Tesla inks new cobalt supply deal with Glencore

The cobalt market is rife with ethical concerns, as most of the world’s supply comes from the Democratic Republic of the Congo, where there are well-documented concerns over labor conditions (including the use of child labor).

The coveted material is used in a variety of high-tech capacities. For the average consumer, the electric vehicle sector is perhaps the most high-profile user of cobalt.

In that vein, electric vehicle maker Tesla — despite recently indicating its intention to eliminate cobalt from its supply chain — has signed a new cobalt supply deal with miner Glencore.

Burns opined on the state of mining in the DRC and the ethical concerns at the heart of the cobalt business.

“So, it could be seen as a brave move by Elon Musk and Tesla to go direct for cobalt supplies needed by their current Shanghai and future Berlin battery plants,” Burns wrote. “Teaming up with Glencore, who produces about a fifth of the country’s cobalt output, negates allegations of sourcing conflict minerals. It is true Glencore’s governance has been challenged and the miner is being investigated by the U.S. Department of Justice. However, to date, the worst that process has thrown up is an association with discredited individuals and old accusations of money laundering, referring to cases not just in the DRC but also Nigeria and Venezuela going back to 2007.

“While the DOJ and British SFO investigations are ongoing, the fact remains if you need cobalt, you need the DRC. If you are going to deal in the DRC, you need a well-established Western supplier, like Glencore, not despite the unsavory nature of the DRC market but precisely because of it.”
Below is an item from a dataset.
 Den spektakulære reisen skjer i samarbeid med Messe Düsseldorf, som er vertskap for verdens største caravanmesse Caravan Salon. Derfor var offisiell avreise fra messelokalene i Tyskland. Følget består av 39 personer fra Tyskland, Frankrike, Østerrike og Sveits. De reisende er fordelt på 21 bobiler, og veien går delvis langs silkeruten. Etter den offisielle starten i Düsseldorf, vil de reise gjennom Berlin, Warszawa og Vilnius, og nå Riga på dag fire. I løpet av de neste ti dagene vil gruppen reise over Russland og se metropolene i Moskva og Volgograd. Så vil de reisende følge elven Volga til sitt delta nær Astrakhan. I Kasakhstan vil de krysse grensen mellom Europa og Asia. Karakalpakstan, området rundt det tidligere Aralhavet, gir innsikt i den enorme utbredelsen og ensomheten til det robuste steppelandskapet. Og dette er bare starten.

Freight rates remain high despite pandemic impacts

The coronavirus outbreak has had far-reaching economic consequences, impacting demand and, consequently, prices for a wide range of commonly used goods and services.
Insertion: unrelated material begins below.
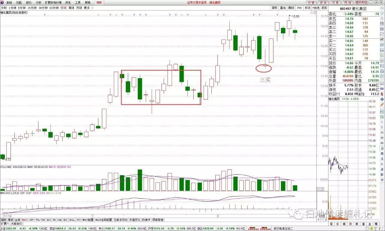 其中雅化集团的三买是上周五出现的,周二的上涨是该三买后上涨的延续。

As for shipping, however, Burns explained seaborne freight rates have not fallen by as much as one might expect given the economic pressures seen in other sectors.

“Trade volumes dropped dramatically as the pandemic spread, one measure of that being transits through the Suez Canal, a crucial shipping route for the Asia-European trade,” Burns explained. “Container ship transits were down 15% year on year, faltering continuously since January, International Shipping News reports, and were down by 32% year on year in May to settle at an all-time low by the beginning of this month.

“Lines have been nimble and reacted quickly to changing events by blanking sailings, consolidating or sharing services, and laying up or idling unused vessels. Shipping rates have, therefore, held up well so far, which is maybe not what consumers want to hear; however, for the health of the industry, it at least helps ensure the survival of the major lines.”